**The data**
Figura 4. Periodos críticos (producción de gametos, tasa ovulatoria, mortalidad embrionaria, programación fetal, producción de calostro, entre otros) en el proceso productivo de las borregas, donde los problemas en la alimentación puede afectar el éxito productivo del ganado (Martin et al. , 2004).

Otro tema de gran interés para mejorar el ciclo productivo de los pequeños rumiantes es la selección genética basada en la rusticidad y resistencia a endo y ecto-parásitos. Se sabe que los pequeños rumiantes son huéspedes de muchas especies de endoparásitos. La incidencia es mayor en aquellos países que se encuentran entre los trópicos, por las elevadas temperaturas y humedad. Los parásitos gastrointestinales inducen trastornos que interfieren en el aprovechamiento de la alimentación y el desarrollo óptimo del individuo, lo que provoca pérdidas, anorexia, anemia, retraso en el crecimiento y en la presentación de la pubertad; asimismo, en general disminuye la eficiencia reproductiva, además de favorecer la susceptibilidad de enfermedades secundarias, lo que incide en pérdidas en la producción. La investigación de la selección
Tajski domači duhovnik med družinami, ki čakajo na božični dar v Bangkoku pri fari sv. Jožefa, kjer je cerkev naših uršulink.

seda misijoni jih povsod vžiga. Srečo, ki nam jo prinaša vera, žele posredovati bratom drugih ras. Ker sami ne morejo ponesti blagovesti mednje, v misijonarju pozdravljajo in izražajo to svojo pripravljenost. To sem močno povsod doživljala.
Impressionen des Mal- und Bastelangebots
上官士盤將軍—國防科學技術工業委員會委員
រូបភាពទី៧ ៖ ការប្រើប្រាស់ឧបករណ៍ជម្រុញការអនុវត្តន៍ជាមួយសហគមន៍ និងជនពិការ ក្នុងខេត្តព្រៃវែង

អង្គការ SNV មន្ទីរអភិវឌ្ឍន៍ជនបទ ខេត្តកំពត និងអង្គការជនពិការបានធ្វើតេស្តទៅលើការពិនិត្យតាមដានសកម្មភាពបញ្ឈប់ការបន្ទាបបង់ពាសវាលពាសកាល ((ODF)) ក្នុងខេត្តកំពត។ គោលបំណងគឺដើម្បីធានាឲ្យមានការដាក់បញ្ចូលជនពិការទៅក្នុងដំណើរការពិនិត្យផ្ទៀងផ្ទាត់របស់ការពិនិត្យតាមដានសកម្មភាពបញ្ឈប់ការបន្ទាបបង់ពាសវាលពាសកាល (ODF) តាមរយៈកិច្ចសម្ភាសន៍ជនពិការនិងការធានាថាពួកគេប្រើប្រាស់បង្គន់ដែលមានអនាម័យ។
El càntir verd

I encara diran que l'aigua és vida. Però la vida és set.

**Aim of the task**
Nothing but the lines from the one that contains "រូបភាពទី៧ ៖ ការប្រើប្រាស់ឧបករណ៍ជម្រុញការអនុវត្តន៍ជាមួយសហគមន៍" through the last line of the entries should appear in your reply, each repeated exactly.

**Output for this task**
រូបភាពទី៧ ៖ ការប្រើប្រាស់ឧបករណ៍ជម្រុញការអនុវត្តន៍ជាមួយសហគមន៍ និងជនពិការ ក្នុងខេត្តព្រៃវែង

អង្គការ SNV មន្ទីរអភិវឌ្ឍន៍ជនបទ ខេត្តកំពត និងអង្គការជនពិការបានធ្វើតេស្តទៅលើការពិនិត្យតាមដានសកម្មភាពបញ្ឈប់ការបន្ទាបបង់ពាសវាលពាសកាល ((ODF)) ក្នុងខេត្តកំពត។ គោលបំណងគឺដើម្បីធានាឲ្យមានការដាក់បញ្ចូលជនពិការទៅក្នុងដំណើរការពិនិត្យផ្ទៀងផ្ទាត់របស់ការពិនិត្យតាមដានសកម្មភាពបញ្ឈប់ការបន្ទាបបង់ពាសវាលពាសកាល (ODF) តាមរយៈកិច្ចសម្ភាសន៍ជនពិការនិងការធានាថាពួកគេប្រើប្រាស់បង្គន់ដែលមានអនាម័យ។
El càntir verd

I encara diran que l'aigua és vida. Però la vida és set.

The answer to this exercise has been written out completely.